Ich bin völlig ratlos. Was soll man da schon erraten?
"Wenn Sie in Zukunft mit ihm zusammenarbeiten würden, würden Sie ihn verführen?"
Lin Li dachte einen Moment nach: „Wir werden sehen –“
„Aber …“, das Thema wechselte, „glauben Sie, Sie könnten ihn aufhalten, wenn er sich in jemand anderen verlieben würde?“
„Seine Gedanken und Taten sind blitzschnell, und er ist in allem, was er tut, perfekt. Wenn er fremdgeht, muss ich nichts tun; du fliegst raus. Was soll ich nur tun? Allein der Gedanke daran macht mich so glücklich –“
„Wovon redest du?“, fragte Fang Zidu, schweißbedeckt und mit knallroten Lippen, die mehrere übereinandergestapelte Kisten herbeigetragen hatte.
Xiang Lan und Lin Li wechselten einen Blick, und Xiang Lan ergriff als Erste das Wort: „Lass uns über deine Angelegenheit reden.“
„Was?“ Er stellte den Pappkarton in den offenen Kofferraum und drehte den Kopf. „Betrug? Wer?“
„Du und Lin Li.“ Sie blickte Lin Li trotzig an.
Fang Zi richtete sich auf und zog die Kofferraumklappe herunter. „Verbreite keine Gerüchte.“
„Du hattest also Gefühle für mich.“ Da Xiang Lan keine Angst hatte, beschloss Lin Li, sich einzumischen und die Sache aufzumischen.

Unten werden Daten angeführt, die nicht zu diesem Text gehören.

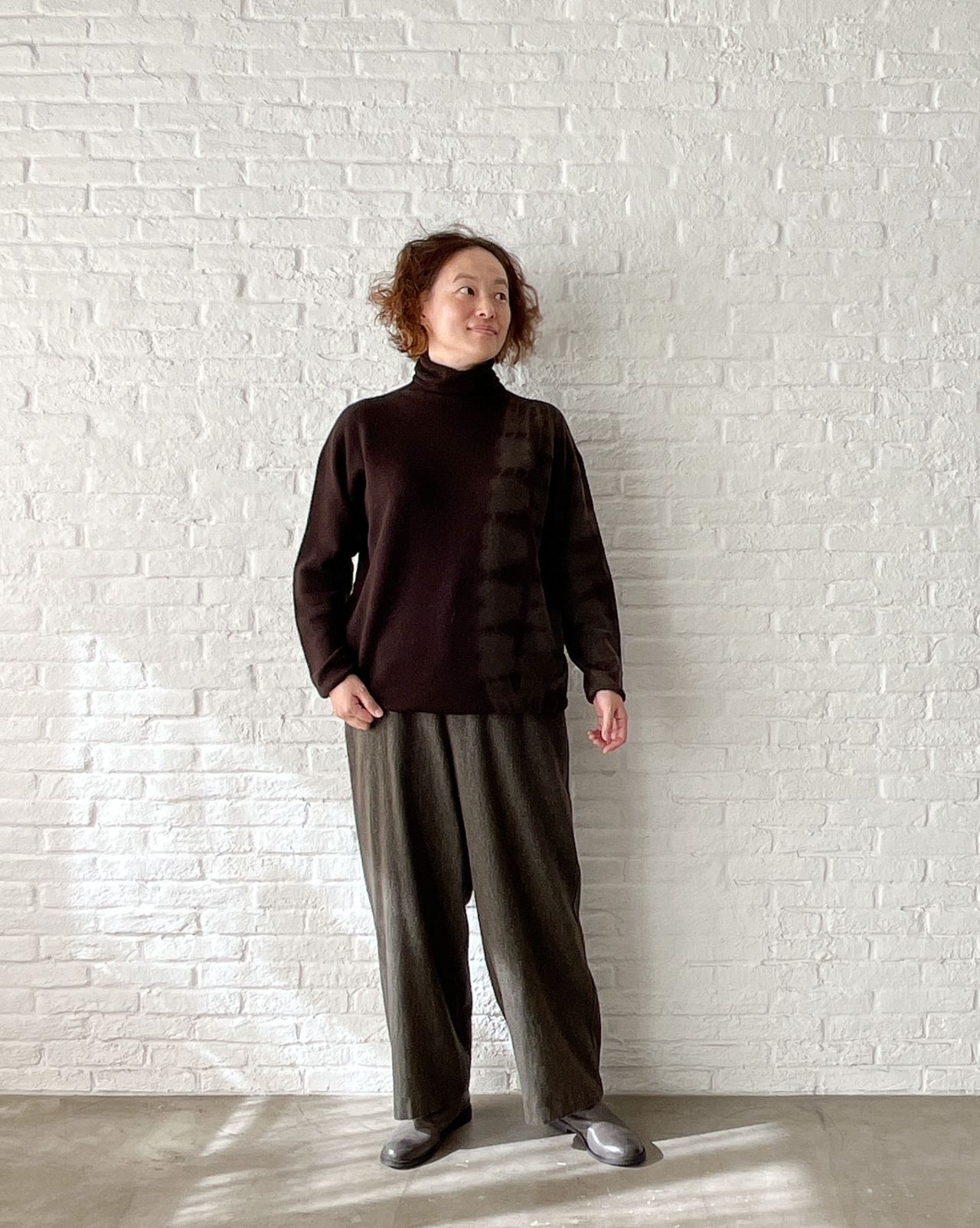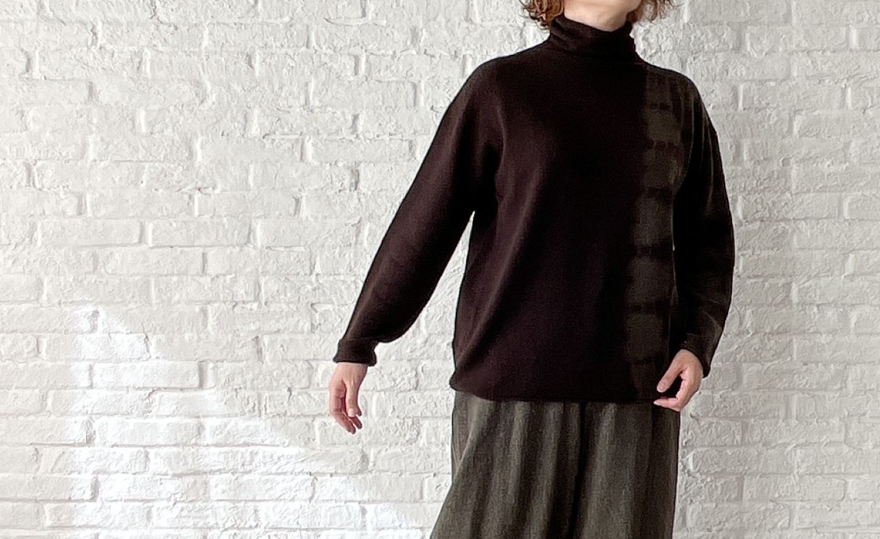 no.2401 ピュアカシミヤ・絞り染め オフネックプルオーバー

„Ich mag es nicht.“ Sein Gesichtsausdruck blieb unverändert, während er sich mit dem Handrücken den Schweiß von der Stirn wischte. „Xiang Lan, was führt dich hierher?“
„Ich bin gekommen, um zu sehen, womit du so beschäftigt warst und nicht jeden Tag nach Hause gekommen bist, damit ich mir überlegen kann, wie ich am besten mit deinem Urlaubsantrag umgehe.“ Angesichts seiner ruhigen und gelassenen Art war Xiang Lan sich Lin Lis Einschätzung seiner Person einigermaßen sicher und überlegte, wie sie mit ihm umgehen sollte.
Fang Zi lachte: „Hast du es eilig?“
„Ja“, sagte Xiang Lan und drehte den Kopf. „Lin Li, wie wäre es, wenn wir Telefonnummern austauschen?“
Ist es nicht ein bisschen zu früh, jetzt schon mit der Aufräumarbeit auf dem Schlachtfeld zu beginnen?
„Wenn er sich in jemand anderen verliebt, sag mir zuerst Bescheid.“ Xiang Lan betonte die Worte „sich in jemand anderen verlieben“.